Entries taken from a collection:
--- START ---

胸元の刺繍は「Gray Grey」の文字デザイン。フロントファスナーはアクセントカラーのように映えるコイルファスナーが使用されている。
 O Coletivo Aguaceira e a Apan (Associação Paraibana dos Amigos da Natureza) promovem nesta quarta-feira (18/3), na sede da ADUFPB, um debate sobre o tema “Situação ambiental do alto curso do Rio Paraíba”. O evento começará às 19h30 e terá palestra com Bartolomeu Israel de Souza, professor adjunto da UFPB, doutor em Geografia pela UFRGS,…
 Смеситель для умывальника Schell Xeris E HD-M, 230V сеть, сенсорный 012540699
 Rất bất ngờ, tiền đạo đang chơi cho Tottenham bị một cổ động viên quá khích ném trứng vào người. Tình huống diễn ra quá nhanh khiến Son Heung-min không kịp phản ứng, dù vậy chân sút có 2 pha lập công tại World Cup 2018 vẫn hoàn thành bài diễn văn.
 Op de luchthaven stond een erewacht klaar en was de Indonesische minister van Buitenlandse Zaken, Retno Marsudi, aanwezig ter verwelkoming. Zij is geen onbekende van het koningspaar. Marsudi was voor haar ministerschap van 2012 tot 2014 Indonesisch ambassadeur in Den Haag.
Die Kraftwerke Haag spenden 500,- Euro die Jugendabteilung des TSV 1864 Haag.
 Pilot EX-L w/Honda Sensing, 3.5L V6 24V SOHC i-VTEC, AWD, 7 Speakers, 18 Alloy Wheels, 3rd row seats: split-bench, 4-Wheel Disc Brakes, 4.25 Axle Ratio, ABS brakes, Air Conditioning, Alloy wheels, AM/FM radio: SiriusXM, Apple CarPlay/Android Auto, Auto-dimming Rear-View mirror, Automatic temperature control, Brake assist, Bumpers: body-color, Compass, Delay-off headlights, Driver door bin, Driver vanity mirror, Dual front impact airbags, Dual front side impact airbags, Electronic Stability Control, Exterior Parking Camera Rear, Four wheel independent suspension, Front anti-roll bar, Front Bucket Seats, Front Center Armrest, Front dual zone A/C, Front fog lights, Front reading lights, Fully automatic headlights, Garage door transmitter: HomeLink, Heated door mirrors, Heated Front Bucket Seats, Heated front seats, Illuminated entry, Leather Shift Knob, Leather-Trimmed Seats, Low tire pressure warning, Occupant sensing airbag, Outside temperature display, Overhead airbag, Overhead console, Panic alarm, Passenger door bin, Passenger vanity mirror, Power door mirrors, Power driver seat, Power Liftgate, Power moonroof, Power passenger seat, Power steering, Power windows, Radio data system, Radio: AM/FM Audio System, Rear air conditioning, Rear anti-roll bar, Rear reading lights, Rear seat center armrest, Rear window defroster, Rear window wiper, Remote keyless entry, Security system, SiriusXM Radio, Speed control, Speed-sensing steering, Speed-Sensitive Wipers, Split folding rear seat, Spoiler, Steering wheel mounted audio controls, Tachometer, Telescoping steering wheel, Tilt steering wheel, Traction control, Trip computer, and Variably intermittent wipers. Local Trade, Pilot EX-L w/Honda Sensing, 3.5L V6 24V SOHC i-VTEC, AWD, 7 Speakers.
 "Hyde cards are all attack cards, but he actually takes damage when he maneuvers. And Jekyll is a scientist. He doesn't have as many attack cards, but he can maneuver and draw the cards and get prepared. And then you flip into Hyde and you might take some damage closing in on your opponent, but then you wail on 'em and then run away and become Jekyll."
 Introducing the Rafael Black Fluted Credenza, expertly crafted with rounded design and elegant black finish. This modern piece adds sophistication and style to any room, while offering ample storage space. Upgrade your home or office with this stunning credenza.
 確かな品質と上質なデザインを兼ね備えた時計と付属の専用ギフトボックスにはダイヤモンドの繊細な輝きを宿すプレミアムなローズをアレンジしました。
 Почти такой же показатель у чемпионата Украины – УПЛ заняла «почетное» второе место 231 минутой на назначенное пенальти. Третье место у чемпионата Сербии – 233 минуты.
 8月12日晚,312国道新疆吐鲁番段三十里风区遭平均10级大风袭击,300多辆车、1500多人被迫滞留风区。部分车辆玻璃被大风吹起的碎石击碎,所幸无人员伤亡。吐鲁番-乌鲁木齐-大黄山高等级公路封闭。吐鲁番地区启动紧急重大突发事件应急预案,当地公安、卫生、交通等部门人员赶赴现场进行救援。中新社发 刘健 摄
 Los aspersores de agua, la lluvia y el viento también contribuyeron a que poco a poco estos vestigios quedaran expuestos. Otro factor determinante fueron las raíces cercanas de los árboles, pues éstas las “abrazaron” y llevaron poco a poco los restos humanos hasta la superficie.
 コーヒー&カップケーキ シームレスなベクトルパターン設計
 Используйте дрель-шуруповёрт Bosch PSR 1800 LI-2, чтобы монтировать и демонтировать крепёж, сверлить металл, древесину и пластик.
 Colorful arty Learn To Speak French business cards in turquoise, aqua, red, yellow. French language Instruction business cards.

--- END ---

How many lines in the entries above include the string "your"? Please answer with that number and nothing more.

2